The Pyrrhonist does not claim that nothing can be known. That claim is itself dogmatic, and the Pyrrhonist refuses to be dogmatic about anything. Instead, the Pyrrhonist trains to find equally strong arguments on both sides of every question. When two sides balance, the rational thing to do is hang back, suspend judgment, and not commit. The technical term is epoche, suspension.
The goal is not knowledge. The goal is ataraxia, a kind of inner quiet, untroubled-ness of soul. The Pyrrhonist's claim is that all the suffering of life comes from clinging too hard to convictions; let go of the clinging, and the suffering eases. Living arrangements (lunch, marriage, work) are conducted by appearances and customs without committing to claims about what is really real.
Sextus Empiricus, a physician writing around AD 200, wrote the surviving full treatment in Outlines of Pyrrhonism. The famous Agrippan trilemma (every justification ends in infinite regress, circular reasoning, or arbitrary stopping) comes from this school and is still a major problem in modern epistemology.

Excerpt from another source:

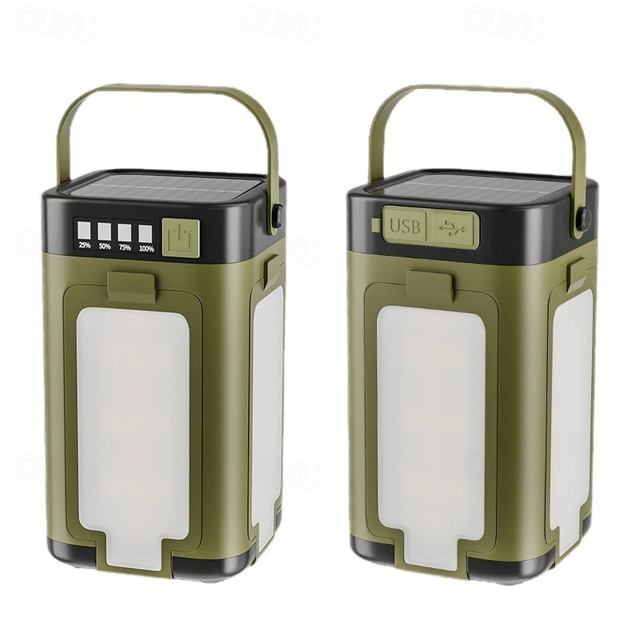 פנס קמפינג סולארי נייד לד עמיד למים IP4 נטענת עם טעינה סולארית של 2000mah &פנס LED עם חיווי חשמל ו-6 מצבים, פנס נייד, אורות אוהל לקמפינג וטיולים

For Christianity, Pyrrhonism shows up in two ways. Pascal and Augustine both engaged with it directly; Augustine's Contra Academicos is partly a response to skeptical quietism. And the Pyrrhonist quest for peace through detachment is one ancient alternative to the Christian peace through reconciliation with God: same word (peace), opposite mechanism.
In full
The ancient Greek skeptical tradition founded by Pyrrho of Elis (c. 365-270 BC) and recovered systematically by Sextus Empiricus in Outlines of Pyrrhonism (Pyrrhōneioi Hypotypōseis, c. AD 200) and Adversus Mathematicos (Against the Professors). Unlike modern Cartesian skepticism, which is theoretical and methodological, Pyrrhonism is practical-ethical: its goal is ataraxia (untroubledness of soul), achieved by suspending judgment (epoche) on all theoretical claims. The Pyrrhonist does not claim that nothing is known; that would itself be a dogmatic claim. Rather, the Pyrrhonist trains himself to find balanced opposing arguments (isostheneia) for every question, leaving no rational ground to assent to either side. The result is a quietude that, for Pyrrhonism, is the good life.
The historical sketch
Pyrrho of Elis (c. 365-270 BC) is reported by Diogenes Laertius and Aristocles to have traveled to India with Alexander's army and to have learned skeptical-quietist practices from the gymnosophists (the "naked sages," likely renunciate Buddhist or Hindu ascetics). On return he founded a Greek school noted for aphasia (refusal to assert) and adoxia (refusal to opine). Pyrrho himself wrote nothing.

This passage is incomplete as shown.